▶ [PROBLEM REQUIREMENTS] Further down are entries; set down exactly and only the lines from the one with "black round neck" up to and including the one with "เล็บเจลแถบแพทช", dropping each picture.

▶ [TASK INPUTS]
—————

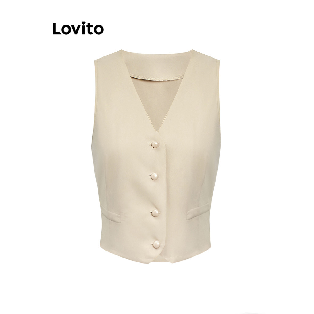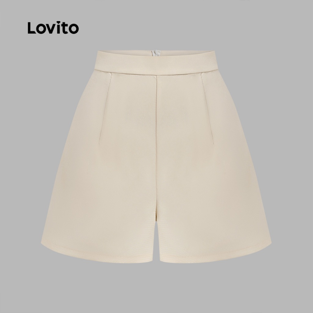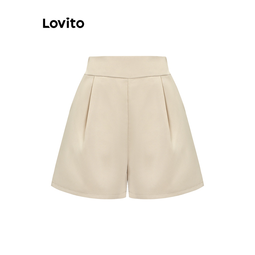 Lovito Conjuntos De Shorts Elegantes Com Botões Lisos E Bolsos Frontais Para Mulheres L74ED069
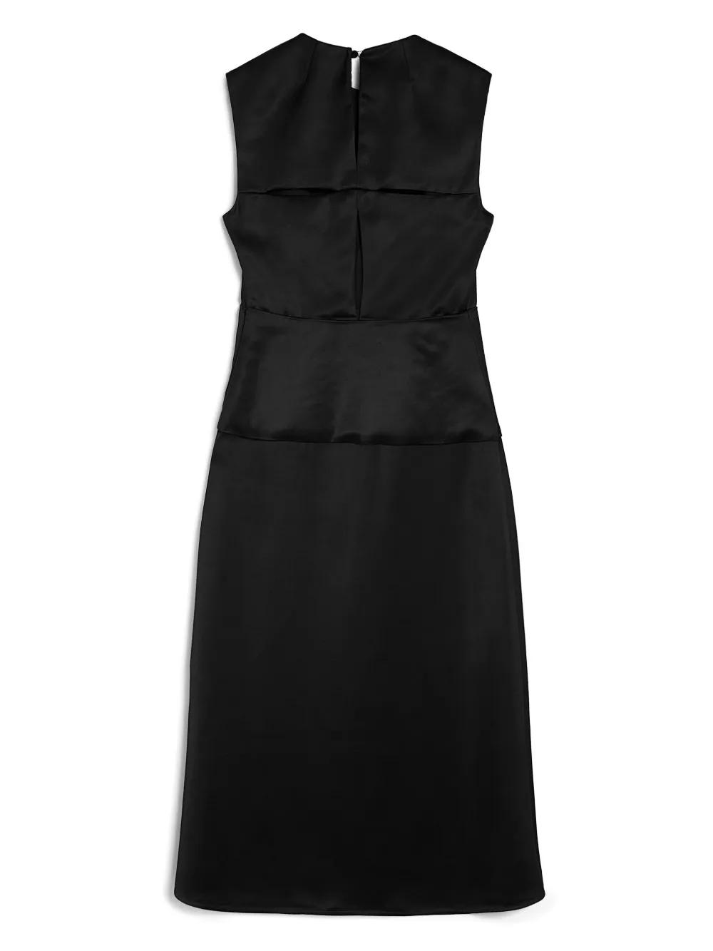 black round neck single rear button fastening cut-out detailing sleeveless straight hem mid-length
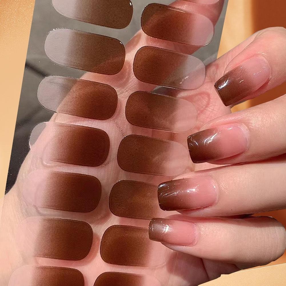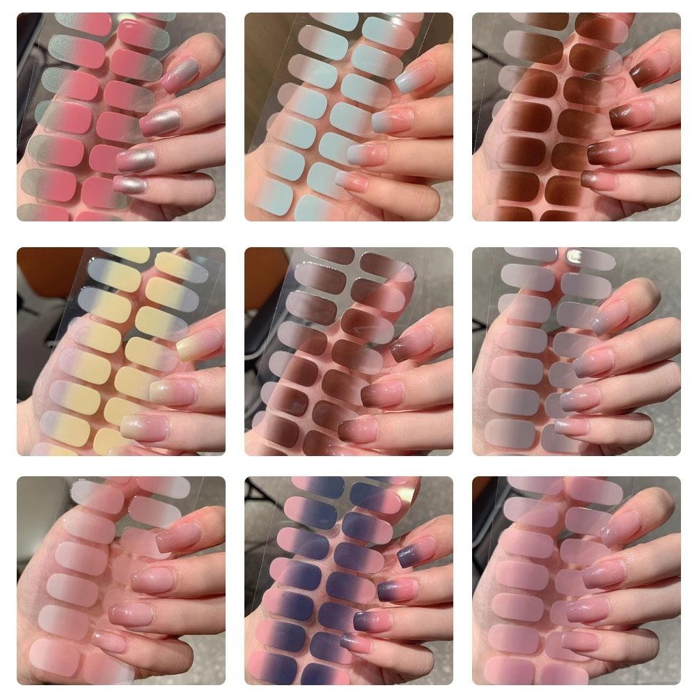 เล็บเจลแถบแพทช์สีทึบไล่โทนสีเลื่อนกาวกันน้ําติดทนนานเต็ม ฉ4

—————

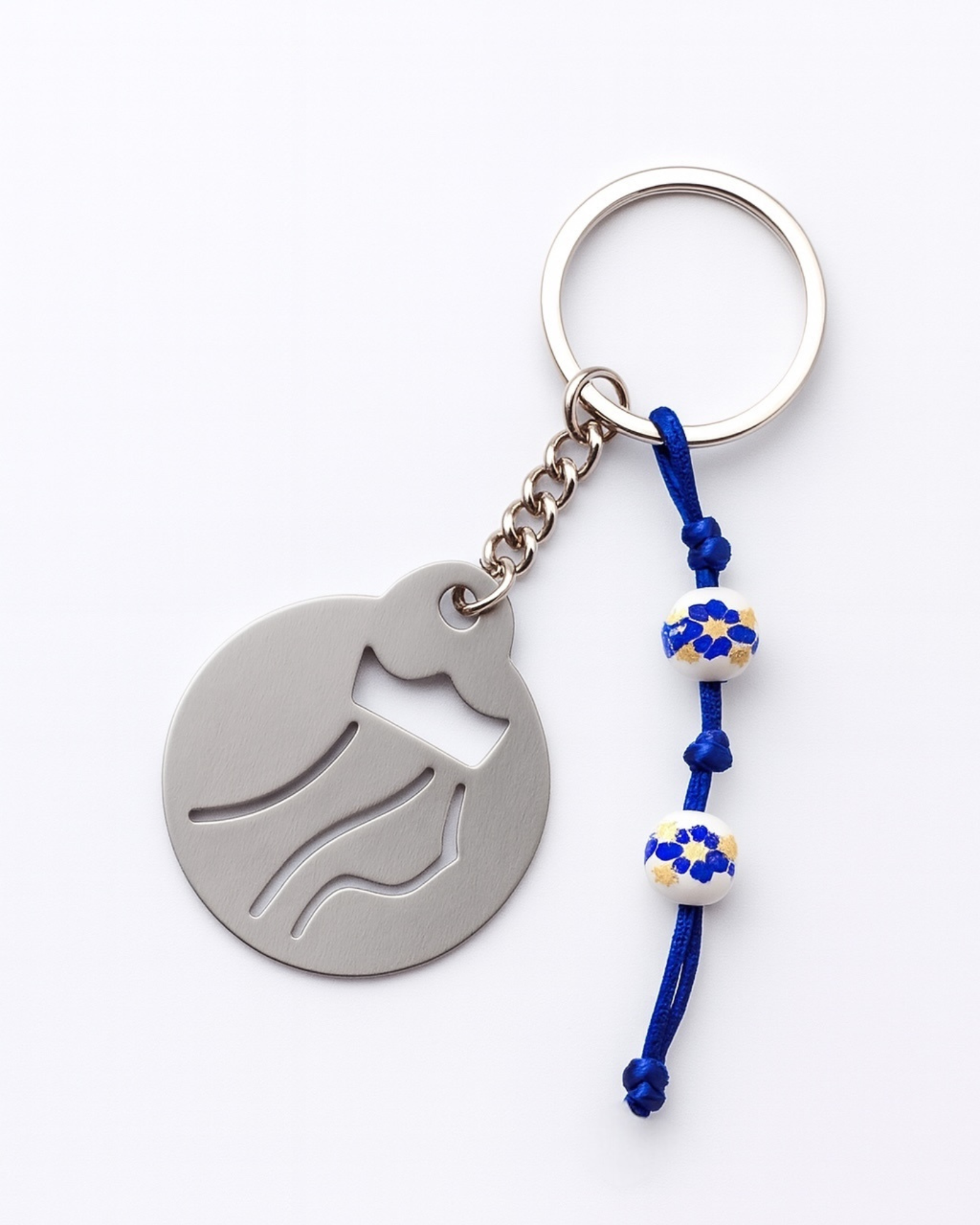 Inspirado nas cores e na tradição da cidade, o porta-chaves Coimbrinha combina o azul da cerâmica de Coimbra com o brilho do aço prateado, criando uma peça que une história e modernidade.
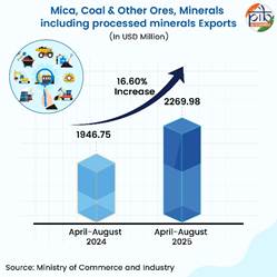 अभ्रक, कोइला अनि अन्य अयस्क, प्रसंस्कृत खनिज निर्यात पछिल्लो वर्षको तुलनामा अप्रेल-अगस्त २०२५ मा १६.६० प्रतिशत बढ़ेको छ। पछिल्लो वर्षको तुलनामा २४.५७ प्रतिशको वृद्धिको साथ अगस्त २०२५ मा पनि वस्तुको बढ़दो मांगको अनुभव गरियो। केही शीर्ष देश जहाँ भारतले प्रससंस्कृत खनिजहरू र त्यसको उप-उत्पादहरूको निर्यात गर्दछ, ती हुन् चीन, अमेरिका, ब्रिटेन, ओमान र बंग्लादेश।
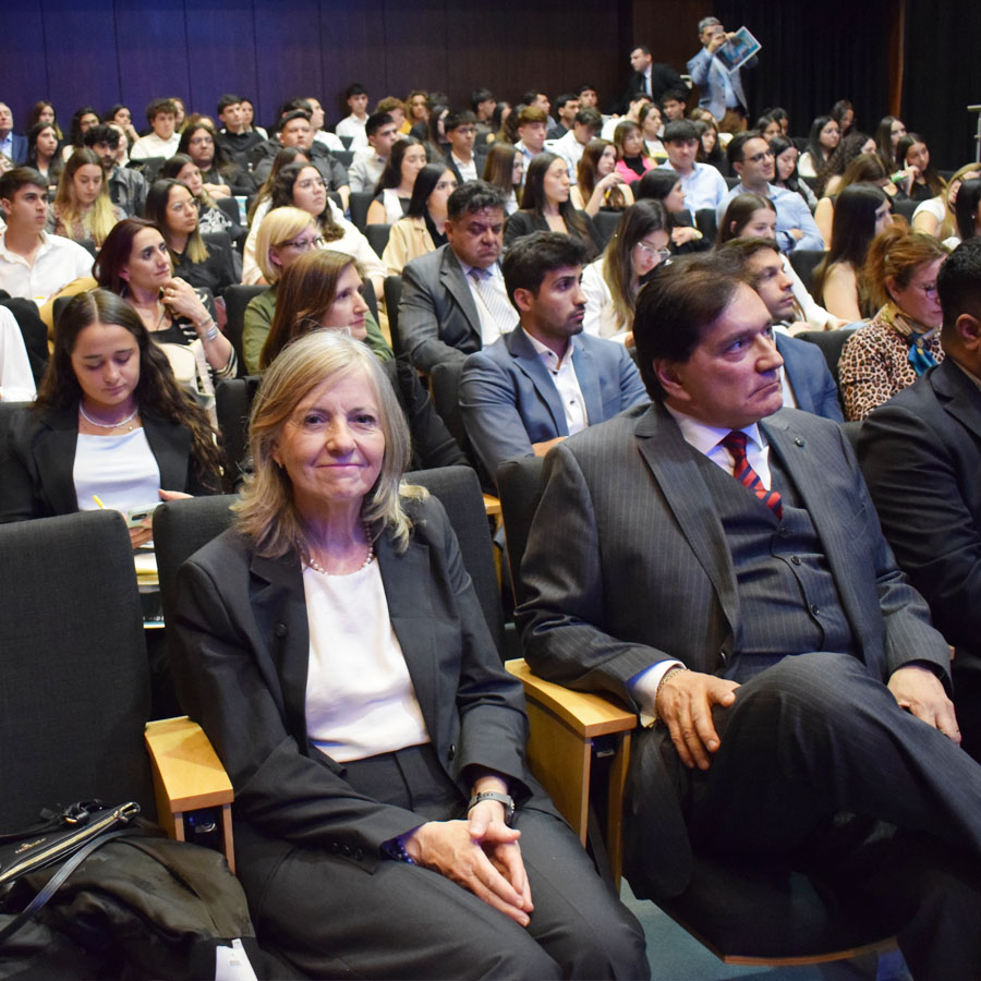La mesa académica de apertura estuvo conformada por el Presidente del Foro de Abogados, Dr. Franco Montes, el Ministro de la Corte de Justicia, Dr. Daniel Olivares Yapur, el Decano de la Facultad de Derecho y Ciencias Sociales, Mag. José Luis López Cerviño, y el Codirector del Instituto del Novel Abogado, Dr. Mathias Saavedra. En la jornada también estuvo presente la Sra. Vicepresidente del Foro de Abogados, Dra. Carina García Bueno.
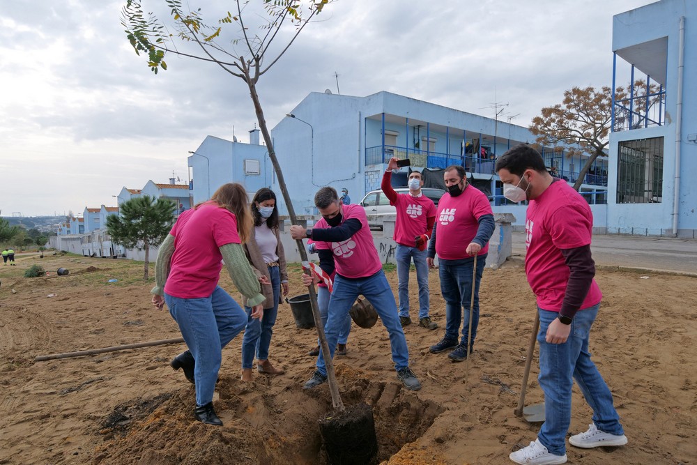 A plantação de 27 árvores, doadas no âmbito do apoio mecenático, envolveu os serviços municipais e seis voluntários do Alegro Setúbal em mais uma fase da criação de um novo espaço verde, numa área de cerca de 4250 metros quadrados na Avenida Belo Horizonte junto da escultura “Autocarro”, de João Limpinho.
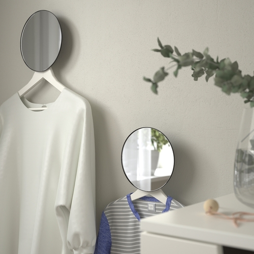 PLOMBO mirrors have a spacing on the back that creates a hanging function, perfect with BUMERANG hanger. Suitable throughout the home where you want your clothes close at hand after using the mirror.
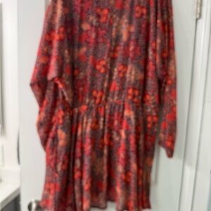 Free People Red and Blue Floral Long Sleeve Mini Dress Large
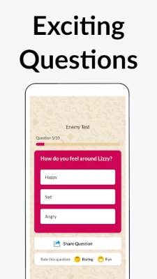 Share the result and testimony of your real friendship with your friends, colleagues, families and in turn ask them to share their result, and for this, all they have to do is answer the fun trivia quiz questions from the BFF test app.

—————

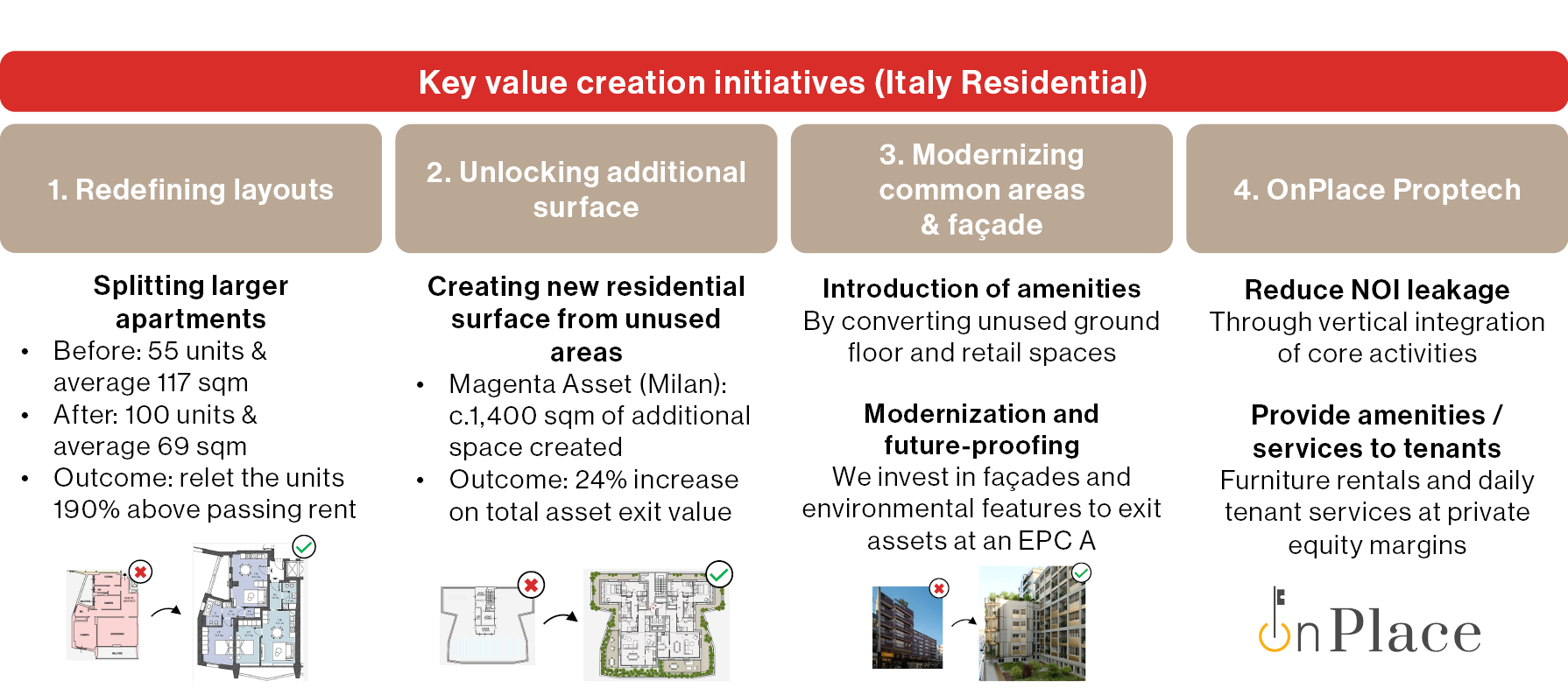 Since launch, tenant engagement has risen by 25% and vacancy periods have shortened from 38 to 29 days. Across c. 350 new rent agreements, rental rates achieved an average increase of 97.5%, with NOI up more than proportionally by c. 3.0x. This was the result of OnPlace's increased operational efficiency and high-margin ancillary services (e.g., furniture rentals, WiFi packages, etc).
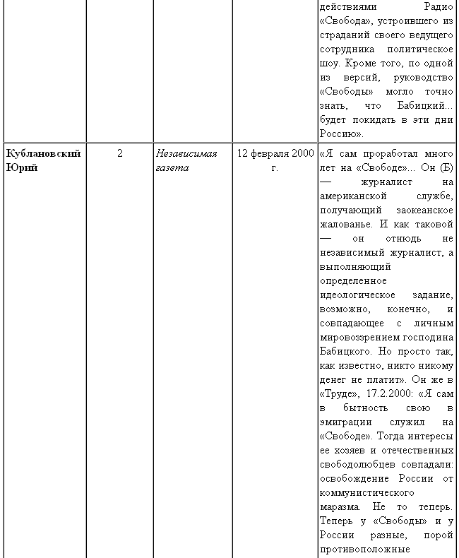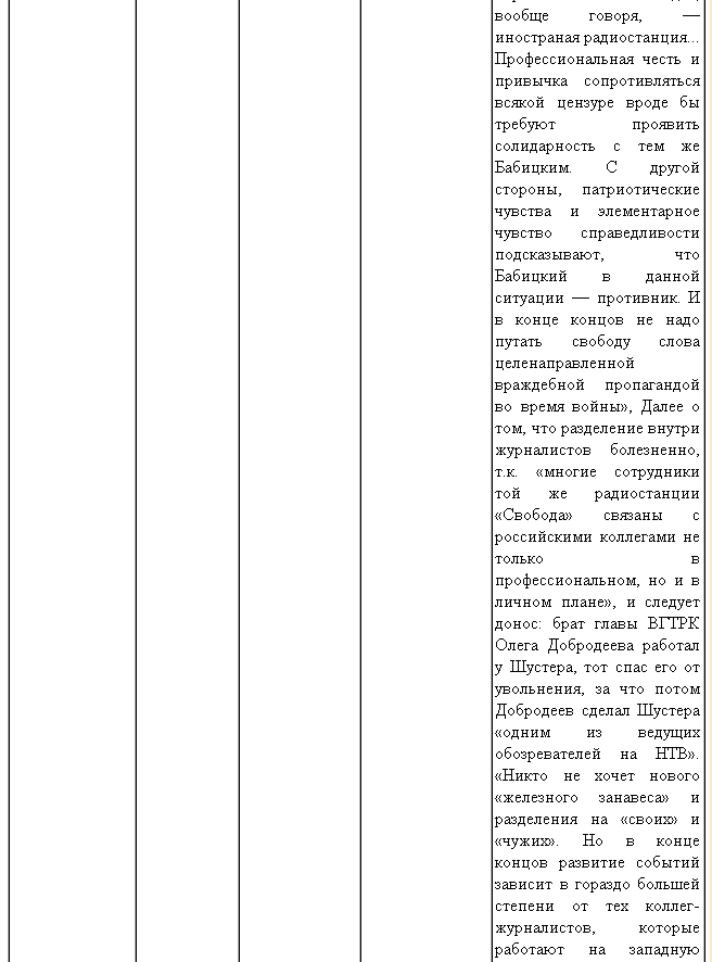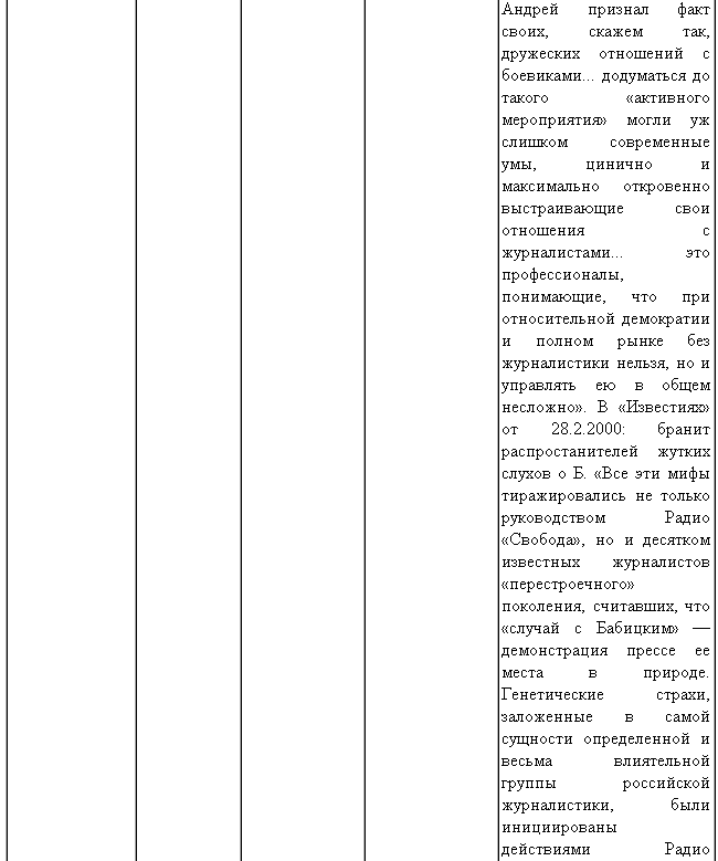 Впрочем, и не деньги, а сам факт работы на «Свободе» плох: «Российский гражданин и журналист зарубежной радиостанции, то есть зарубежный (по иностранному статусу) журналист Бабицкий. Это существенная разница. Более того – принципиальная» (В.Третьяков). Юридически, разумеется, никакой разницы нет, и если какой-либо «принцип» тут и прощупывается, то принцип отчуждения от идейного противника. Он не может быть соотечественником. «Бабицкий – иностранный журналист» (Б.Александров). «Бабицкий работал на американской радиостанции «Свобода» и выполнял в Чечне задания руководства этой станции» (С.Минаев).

—————

▶ [ANSWER TO THE EXERCISE]
 black round neck single rear button fastening cut-out detailing sleeveless straight hem mid-length
 เล็บเจลแถบแพทช์สีทึบไล่โทนสีเลื่อนกาวกันน้ําติดทนนานเต็ม ฉ4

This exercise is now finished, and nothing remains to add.